March 26th – 28th, 2012
What a wonderful place Quebec City is. As you walk around the old town streets it is hard to believe you are in North America! The city on the Saint Lawrence River was founded in 1608 (the first French explorers actually built a fort there in 1535) and looks like it is straight out of France with most buildings being very European in appearance and this is topped off by everyone speaking French and everything being written in French too!
Quebec City was part of the French empire and was the capital of New France. The city was used as the main base for French attacks against New England during the French and Indian Wars which were colonial wars that spanned 74 years (1688 – 1697, 1702 – 1713, 1744 – 1748 and 1754 – 1763 the latter was the colonial equivalent of the Seven Years War in Europe which involved all the European great powers of that time). Many battles were fought between the French and the British culminating in the loss of Quebec City to the British in 1759 following the Battle of the Plains of Abraham (now a park in the city). Eventually France surrendered New France to the British in 1763.

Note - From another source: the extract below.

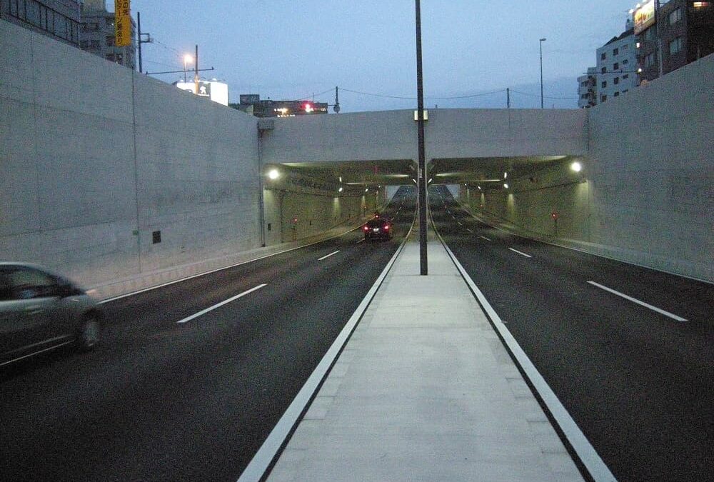階段段鼻部に配置されたアルシオール ラインと踏み面部のダークグレー色アンプロップとの輝度比が1日中を通して常時3以上あるため、昼夜を問わず踏み外し転倒事故を未然に防ぎます。

During the American Revolutionary War (1775 – 1783) the city of Quebec was attacked by revolutionaries to try to free it but the British forces defeated them. When America and the British went to war again in the War of 1812 the city was not attacked but in 1820 the British built the Citadel of Quebec a fortress that turned the city into a virtual “Gibraltar of North America“. There were no further American attacks but the British remained in Quebec until 1871. The Citadel still exists today and is still and active military base for the Canadians (you can take an interesting guided tour). In addition there are fortress walls bristling with old cannons surrounding the old town which are the last remaining in North America outside of Mexico (the old town and fortress walls were declared a UNESCO World Heritage Site in 1985).
Today Quebec City is the seat of parliament for the province of Quebec and has many interesting museums, churches and historic places to visit. There is plenty of great food to eat there too! The city skyline is dominated by the massive and impressive Fairmont Le Chateau Frontenac hotel (opened in 1893 it has over 600 guest rooms).
I find it interesting that despite such a long period of British rule the French Canadians still keep so much of their traditions and language. I visited the parliament building and sat in during a session and I can assure you all political discussions were in French!
The weather during my visit was pretty crazy. The first day it was kind of sunny but freezing! The temperature was -7 celsius (around 19F) on the day I arrived with a really cold wind, the second was sunny and warmer, if you call 3 celsius warmer (37F)! The last day I have no idea what temperature it was but it was cold and snowed all day! Even so I found this a very unique experience as I got to see the buildings in very different conditions which made for interesting photos and the cold didn’t bother me too much as I was busy exploring this fantastic city all day!